YOUR ASSIGNMENT:
The answer must be an exact transcription of the lines below from the first through the one containing "Prada crafts this", with the pictures left out; please add nothing else.

[Dataset items]
● ● ● ● ●
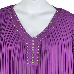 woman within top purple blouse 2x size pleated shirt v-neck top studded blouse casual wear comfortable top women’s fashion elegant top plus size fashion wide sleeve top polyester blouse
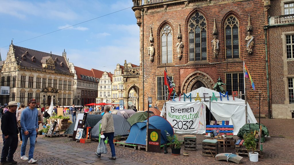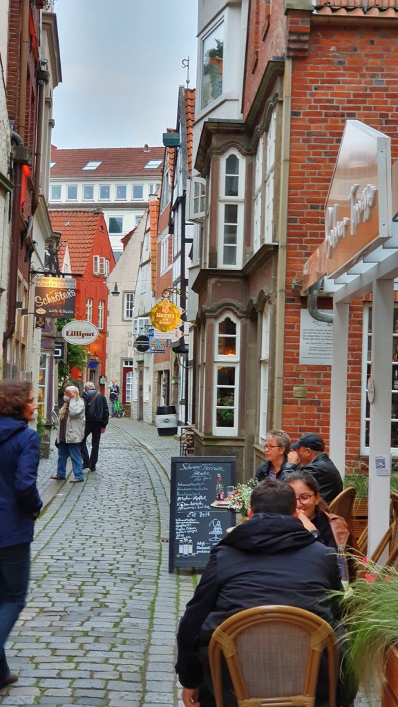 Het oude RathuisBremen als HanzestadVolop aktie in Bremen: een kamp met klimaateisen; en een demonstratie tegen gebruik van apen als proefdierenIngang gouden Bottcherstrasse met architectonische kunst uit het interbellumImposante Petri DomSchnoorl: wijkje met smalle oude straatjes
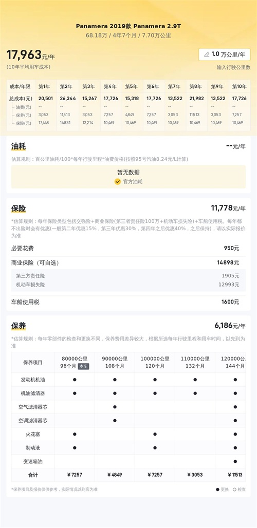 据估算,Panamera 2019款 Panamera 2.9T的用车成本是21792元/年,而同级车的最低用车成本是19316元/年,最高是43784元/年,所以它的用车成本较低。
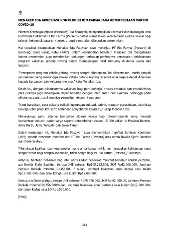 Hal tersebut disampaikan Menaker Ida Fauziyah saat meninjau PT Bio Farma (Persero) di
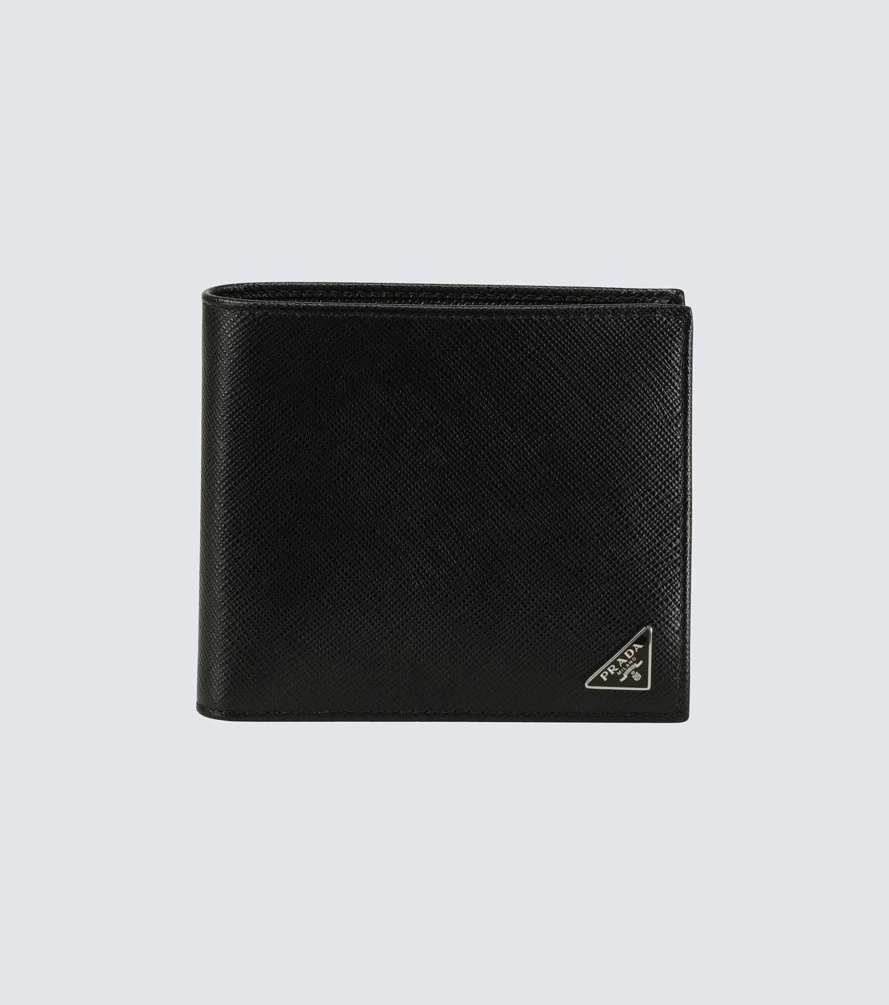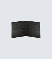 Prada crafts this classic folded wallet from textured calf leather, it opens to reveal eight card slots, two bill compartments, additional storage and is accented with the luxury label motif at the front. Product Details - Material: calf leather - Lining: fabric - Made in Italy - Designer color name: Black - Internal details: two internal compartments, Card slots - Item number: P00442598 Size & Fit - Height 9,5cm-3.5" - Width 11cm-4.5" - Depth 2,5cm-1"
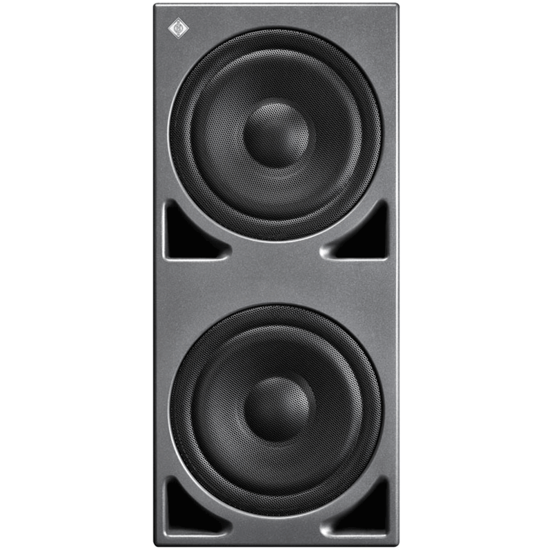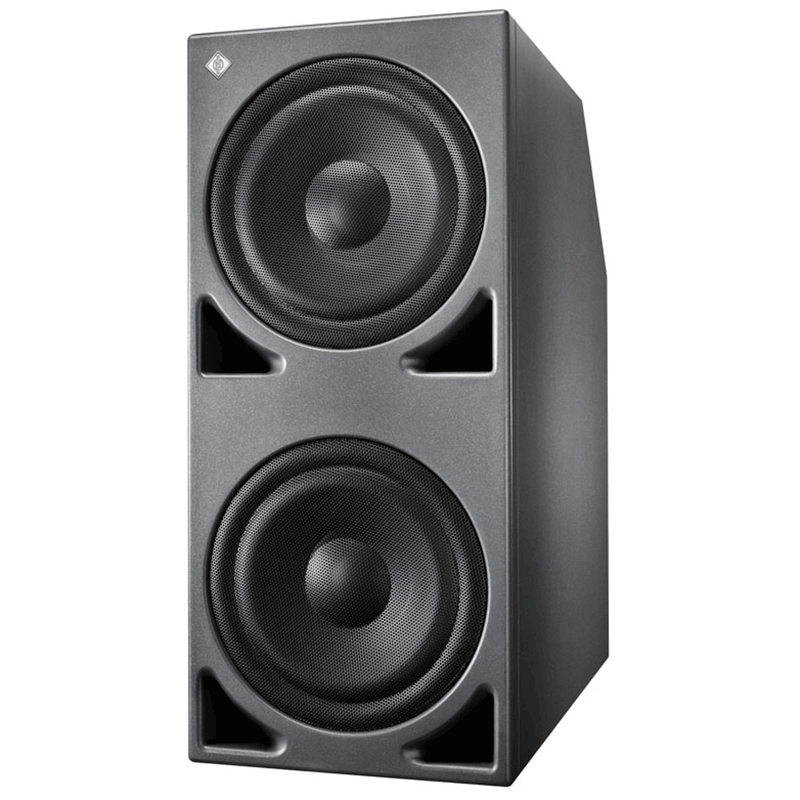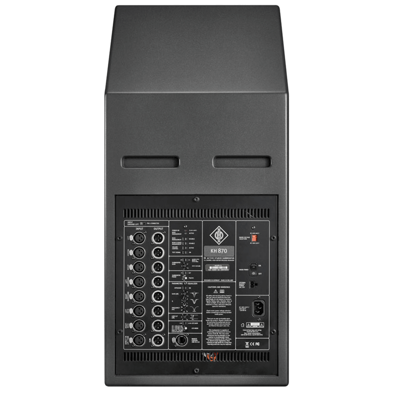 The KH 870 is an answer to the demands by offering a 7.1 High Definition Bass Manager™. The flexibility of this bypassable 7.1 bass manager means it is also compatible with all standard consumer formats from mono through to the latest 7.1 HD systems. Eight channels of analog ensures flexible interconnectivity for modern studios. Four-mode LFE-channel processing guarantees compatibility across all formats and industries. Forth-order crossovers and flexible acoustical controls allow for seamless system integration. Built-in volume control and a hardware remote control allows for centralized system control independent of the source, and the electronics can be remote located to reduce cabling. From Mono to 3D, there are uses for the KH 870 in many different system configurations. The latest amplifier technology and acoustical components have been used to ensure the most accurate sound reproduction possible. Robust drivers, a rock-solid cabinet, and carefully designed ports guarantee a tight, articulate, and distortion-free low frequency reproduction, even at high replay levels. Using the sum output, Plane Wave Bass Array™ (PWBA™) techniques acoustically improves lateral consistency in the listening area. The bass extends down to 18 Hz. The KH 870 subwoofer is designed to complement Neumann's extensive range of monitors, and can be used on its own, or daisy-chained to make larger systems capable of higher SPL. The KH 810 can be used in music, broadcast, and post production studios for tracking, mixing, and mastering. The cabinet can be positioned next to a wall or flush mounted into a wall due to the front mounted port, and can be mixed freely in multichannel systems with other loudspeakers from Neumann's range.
● ● ● ● ●
OUTPUT OF THE EXERCISE:
 woman within top purple blouse 2x size pleated shirt v-neck top studded blouse casual wear comfortable top women’s fashion elegant top plus size fashion wide sleeve top polyester blouse
 Het oude RathuisBremen als HanzestadVolop aktie in Bremen: een kamp met klimaateisen; en een demonstratie tegen gebruik van apen als proefdierenIngang gouden Bottcherstrasse met architectonische kunst uit het interbellumImposante Petri DomSchnoorl: wijkje met smalle oude straatjes
 据估算,Panamera 2019款 Panamera 2.9T的用车成本是21792元/年,而同级车的最低用车成本是19316元/年,最高是43784元/年,所以它的用车成本较低。
 Hal tersebut disampaikan Menaker Ida Fauziyah saat meninjau PT Bio Farma (Persero) di
 Prada crafts this classic folded wallet from textured calf leather, it opens to reveal eight card slots, two bill compartments, additional storage and is accented with the luxury label motif at the front. Product Details - Material: calf leather - Lining: fabric - Made in Italy - Designer color name: Black - Internal details: two internal compartments, Card slots - Item number: P00442598 Size & Fit - Height 9,5cm-3.5" - Width 11cm-4.5" - Depth 2,5cm-1"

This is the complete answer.